* **TASK DESCRIPTION**:
Without any of the pictures, set down the data below exactly.

* **PROVIDED MATERIAL**:
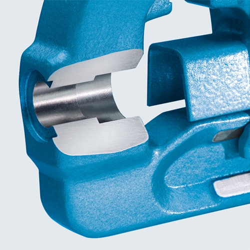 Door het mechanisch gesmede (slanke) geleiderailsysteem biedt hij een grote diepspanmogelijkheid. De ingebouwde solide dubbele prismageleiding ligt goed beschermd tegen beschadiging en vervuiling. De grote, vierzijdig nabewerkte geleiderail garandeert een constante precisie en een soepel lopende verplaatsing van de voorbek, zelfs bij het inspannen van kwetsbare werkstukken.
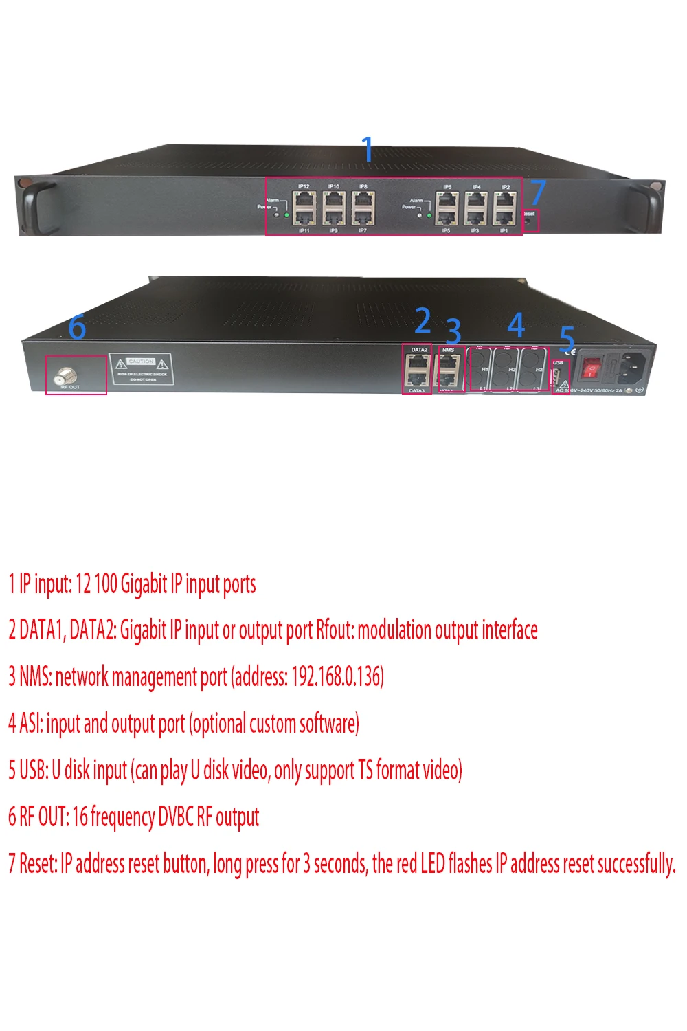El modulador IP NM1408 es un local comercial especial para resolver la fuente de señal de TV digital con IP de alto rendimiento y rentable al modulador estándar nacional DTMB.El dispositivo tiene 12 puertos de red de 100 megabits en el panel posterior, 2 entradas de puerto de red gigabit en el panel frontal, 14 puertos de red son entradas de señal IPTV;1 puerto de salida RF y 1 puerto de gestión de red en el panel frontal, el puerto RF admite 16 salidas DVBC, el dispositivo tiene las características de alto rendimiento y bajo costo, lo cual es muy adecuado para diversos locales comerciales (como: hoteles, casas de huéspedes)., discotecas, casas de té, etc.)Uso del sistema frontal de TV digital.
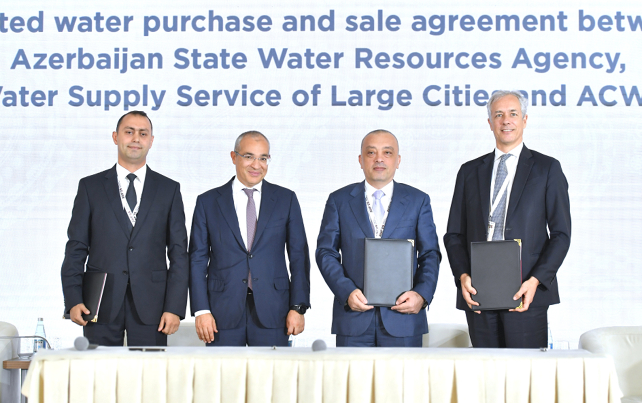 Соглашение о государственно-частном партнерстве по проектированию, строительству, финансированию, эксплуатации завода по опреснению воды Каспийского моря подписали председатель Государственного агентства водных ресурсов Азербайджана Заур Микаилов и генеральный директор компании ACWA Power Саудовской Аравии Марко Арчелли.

* **PROBLEM SOLUTION**:
 Door het mechanisch gesmede (slanke) geleiderailsysteem biedt hij een grote diepspanmogelijkheid. De ingebouwde solide dubbele prismageleiding ligt goed beschermd tegen beschadiging en vervuiling. De grote, vierzijdig nabewerkte geleiderail garandeert een constante precisie en een soepel lopende verplaatsing van de voorbek, zelfs bij het inspannen van kwetsbare werkstukken.
El modulador IP NM1408 es un local comercial especial para resolver la fuente de señal de TV digital con IP de alto rendimiento y rentable al modulador estándar nacional DTMB.El dispositivo tiene 12 puertos de red de 100 megabits en el panel posterior, 2 entradas de puerto de red gigabit en el panel frontal, 14 puertos de red son entradas de señal IPTV;1 puerto de salida RF y 1 puerto de gestión de red en el panel frontal, el puerto RF admite 16 salidas DVBC, el dispositivo tiene las características de alto rendimiento y bajo costo, lo cual es muy adecuado para diversos locales comerciales (como: hoteles, casas de huéspedes)., discotecas, casas de té, etc.)Uso del sistema frontal de TV digital.
 Соглашение о государственно-частном партнерстве по проектированию, строительству, финансированию, эксплуатации завода по опреснению воды Каспийского моря подписали председатель Государственного агентства водных ресурсов Азербайджана Заур Микаилов и генеральный директор компании ACWA Power Саудовской Аравии Марко Арчелли.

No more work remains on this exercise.